Common treatments for Hypothalamic Obesity (HO) often target metabolic and hormonal pathways to manage or reduce obesity. These include GLP-1 receptor agonists, which enhance insulin secretion, inhibit glucagon release, and slow gastric emptying, leading to reduced appetite and increased satiety. Combination drugs like phentermine-topiramate also play a role by suppressing appetite and increasing energy expenditure. These mechanisms are particularly important for HO patients, whose condition is resistant to conventional weight loss methods due to disrupted hypothalamic signaling, making targeted interventions more effective.

What side effects are associated with this type of intervention?

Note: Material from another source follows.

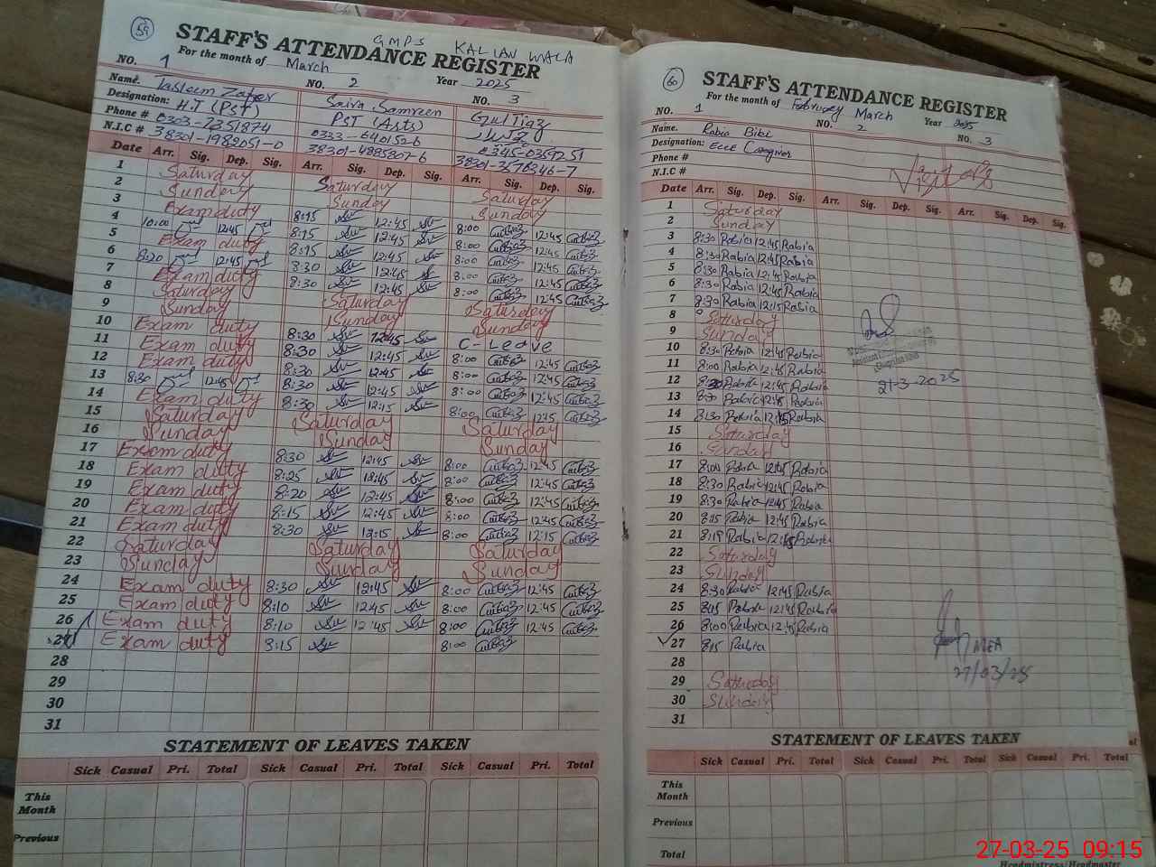 | 38**** | Ta**** Za**** | PST | Regular | 2 | 2 | 0 | 0 | 0 | 0 | 0 | 0 | 2 | Exam Duty |
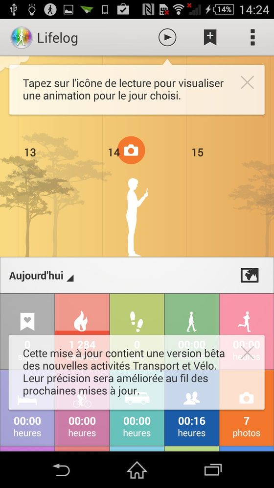 L’installation terminée, l’application se lance… et on découvre une présentation simple et efficace. Si on détaille de haut en bas, sur une première ligne, nous avons un icône de lecture pour voir les activités de la journée défiler, un petit drapeau permettant d’ajouter une note et l’accès aux réglages qui se résument à l’actualisation des données, l’enregistrement de l’activité ou non et la déconnexion. Ensuite, l’écran propose de faire défiler par un mouvement du doigt les heures de la journée et les jours pour y voir apparaître les activités réalisées. Le petit bonhomme se met alors à courir quand on a couru ou se couche au moment où on dort. On découvre ainsi les pictogrammes des différentes actions faites avec le smartphone : les jeux, les prises de photo ou de vidéos, la navigation sur internet, … Les actions sont ici seulement symbolisées à l’heure où elles sont débutées.

Common treatments for Hypothalamic Obesity that target metabolic and hormonal pathways include metformin, GLP-1 receptor agonists like liraglutide and semaglutide, and other weight loss medications. Metformin is generally well-tolerated but can cause gastrointestinal issues such as nausea, diarrhea, and abdominal discomfort. GLP-1 receptor agonists are effective for weight loss and glycemic control but may lead to side effects like nausea, vomiting, and potential injection site reactions. Other weight loss drugs, such as topiramate and naltrexone/bupropion, can cause side effects including dizziness, dry mouth, insomnia, and increased heart rate. It is important to discuss these potential side effects with a healthcare provider to determine the most appropriate treatment.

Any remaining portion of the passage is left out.